Step 8—Create Function Incorporating Repeat Loop

This step aggregates all previous function into one function. It also incorporates a print statement to show the number of points clustered into each category after the last iteration.

def constructed_K_means(max_iterations, centroid_count, iterations ):

  centroids = random_centroids(data, centroid_count)
  old_centroids = pd.DataFrame()

  while iterations < max_iterations and not centroids.equals(old_centroids):
    old_centroids = centroids
      
    labels = get_labels(data, centroids)
    centroids = new_centroids(data, labels, centroid_count)
    plot_iterations(data, labels, centroids, iterations)
    iterations += 1
  
  print (f'Datapoints in each cluster: ')
  print (f'{labels.value_counts()}')


max_iterations = 70
centroid_count = 3
iterations = 50

constructed_K_means(max_iterations, centroid_count, iterations)

Evaluation

The section evaluates the results of the algorithm with the original data labels dropped before processes. First the label categories are encoded

original_labels = iris['species']

# Define a dictionary to map categories to integers
category_map = {'Iris-setosa': 0, 'Iris-virginica': 1, 'Iris-versicolor': 2}

# Use the map function to replace categories with integers
original_labels = original_labels.map(category_map)

original_labels

Then a plot showing the original data label distribution is plotted using PCA and matplotlib. The encoded categories are used to color the datapoints in the visualization.

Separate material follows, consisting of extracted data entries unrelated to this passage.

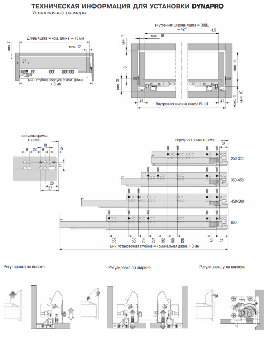 К-т скрытых направляющих 500мм DynaPro д/дерев.ящ.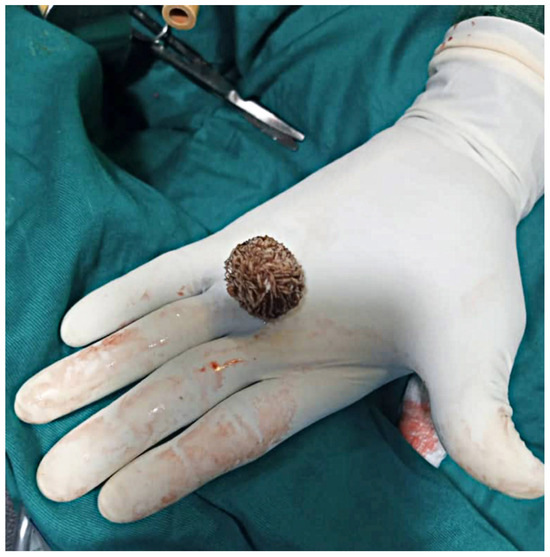 A stone from the urinary bladder via open cystolithotomy.
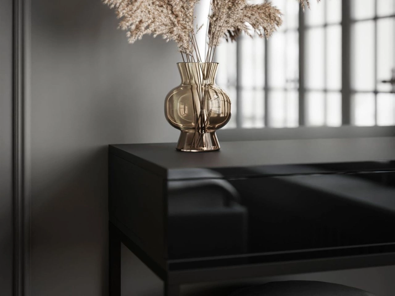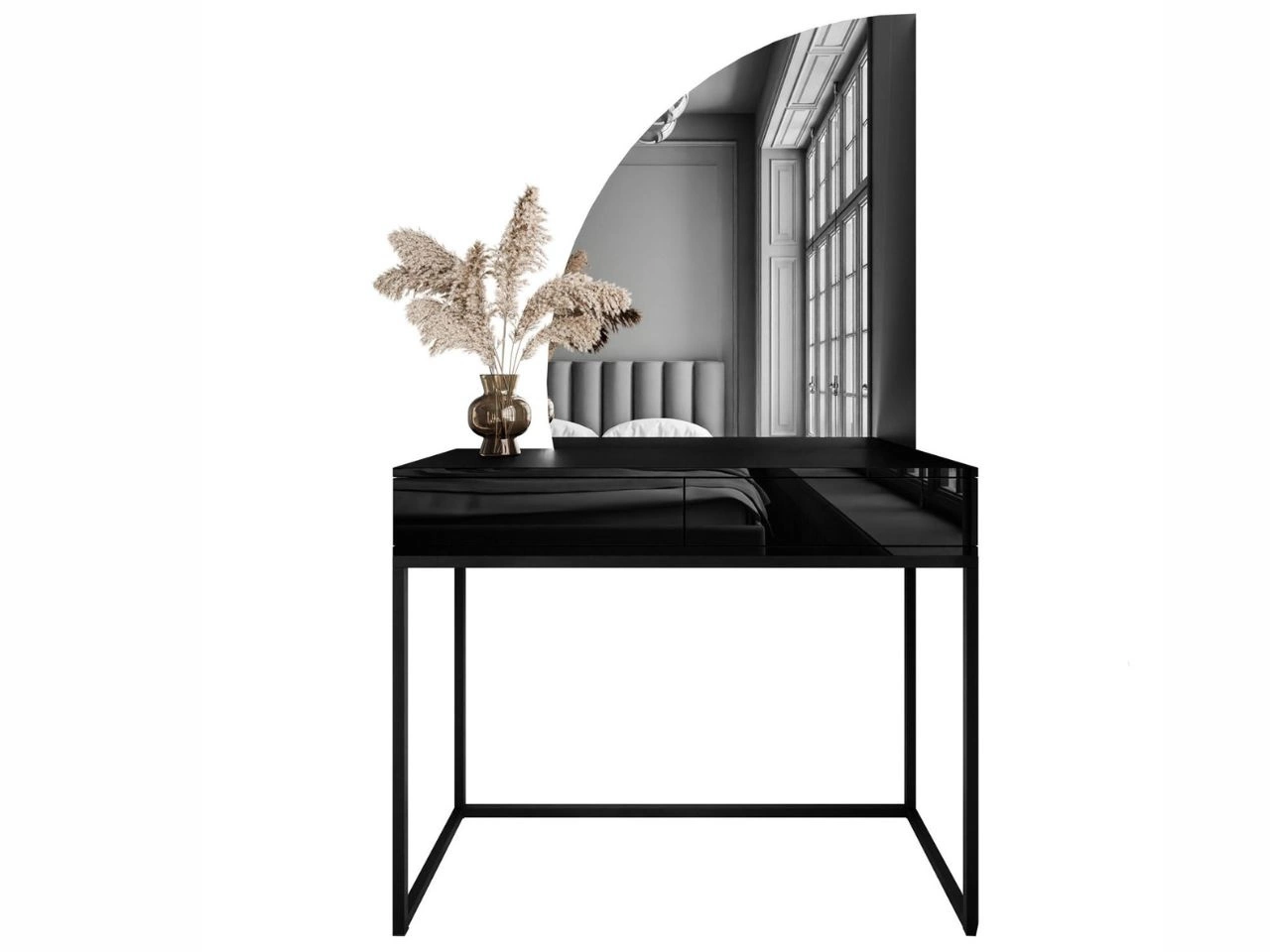 Kosmetiktisch linksseitig mit Schubladen und LED-Beleuchtung auf schwarzen Beinen Clarette Schwarz Hochglanz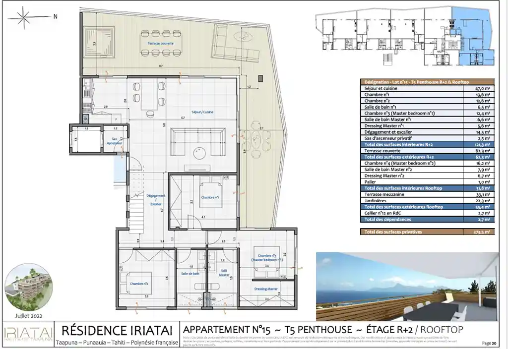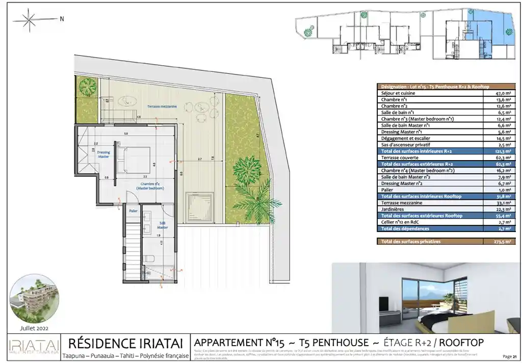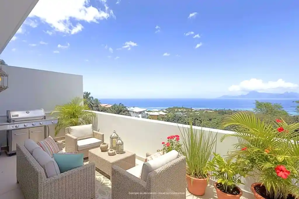 Come and discover this magnificent 153m² penthouse, located in a prestigious residence, scheduled for delivery in December 2025. This rare property offers generous and refined spaces, designed for absolute comfort and elegant living. The main level features a large, light-filled living room, a contemporary open-plan kitchen opening onto a large 675 sq ft terrace. There are also three bedrooms, including a master suite. Upstairs, the master bedroom benefits from a private spa area and breathtaking views of Moorea, with a 330 sq ft rooftop terrace, perfect for recharging your batteries and enjoying the scenery. This superb duplex apartment is ideal for a family, with spaces suited to everyone. The living room terrace is an extension of the living room, opening onto nature. This penthouse also has a private elevator, two parking spaces, and a pantry. Ideally located near shops, schools, and idyllic beaches, it offers a unique living environment between the sea and the mountains.

def plot_data(dataset, labels):
  pca = PCA(n_components=2)
  dataset_2d = pca.fit_transform(dataset)
  plt.title(f'Real Classes')
  plt.scatter(x=dataset_2d[:,0], y=dataset_2d[:,1], c=labels)
  plt.show()

plot_data(iris_u, original_labels)

print (f'Datapoints in each Label: ')
print (f'{original_labels.value_counts()}')

Below is the visuals of the constructed k-means algorithm clustering of the same dataset

Compare Results

Overall, it’s hard to compare results with the Sklearn output as clustering is not a prediction. Also the clustering each run. However this shows that the clusters size of the Sklearn are the constructed algorithm.

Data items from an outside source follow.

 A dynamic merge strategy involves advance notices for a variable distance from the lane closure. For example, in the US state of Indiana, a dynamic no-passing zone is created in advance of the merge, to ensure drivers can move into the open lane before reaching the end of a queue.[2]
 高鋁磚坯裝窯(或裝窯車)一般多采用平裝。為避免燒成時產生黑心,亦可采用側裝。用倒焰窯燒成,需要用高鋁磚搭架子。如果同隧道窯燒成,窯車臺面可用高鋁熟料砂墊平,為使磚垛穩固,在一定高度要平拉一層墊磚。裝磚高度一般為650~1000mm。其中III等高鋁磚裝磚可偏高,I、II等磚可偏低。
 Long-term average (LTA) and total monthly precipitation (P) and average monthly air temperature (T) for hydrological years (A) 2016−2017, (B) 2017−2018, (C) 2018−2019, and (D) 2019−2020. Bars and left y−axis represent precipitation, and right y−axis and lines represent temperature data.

from sklearn.cluster import KMeans

kmeans = KMeans(3)
kmeans.fit(data)

Print and compare centroids.

pd.DataFrame(kmeans.cluster_centers_, columns=features).T

Print and compare cluster sizes.

cluster_counts = np.bincount(kmeans.labels_)
for cluster_id, count in enumerate(cluster_counts):
    print(f"Cluster {cluster_id}: {count} points")

Conclusion

Based on its derivation, K-means algorithm makes some fundamental assumptions making it suitable for certain use cases. These assumptions include

• Clusters are assumed to be spherical and isotropic (equal in all directions. This is evident from the way the algorithm is calculated as the centroids are the mean of each clusters.)
• Clusters have same variance
• Clusters have similar sizes
• Clusters have the same probability

Though useful for many applications, the algorithm might not work well for the following scenarios

• Large datasets — as it is computationally expensive — The time complexity of K-means algorithm is O(NTK), where N is the total number of data sets, K is the total number of clusters, and T is the number of iterations in the clustering process.
• Though a clustering algorithm, It might be hard using K-means to detect if clustering exists in a dataset as it clusters uniform data as well.
• Clustering outliers — The algorithm doesn’t work well in clustering outliers.
• Density-Based Clustering

A benefit of dissecting ML algorithms as this project does is understanding the algorithm’s strength and flaws, thereby allowing for customization when required.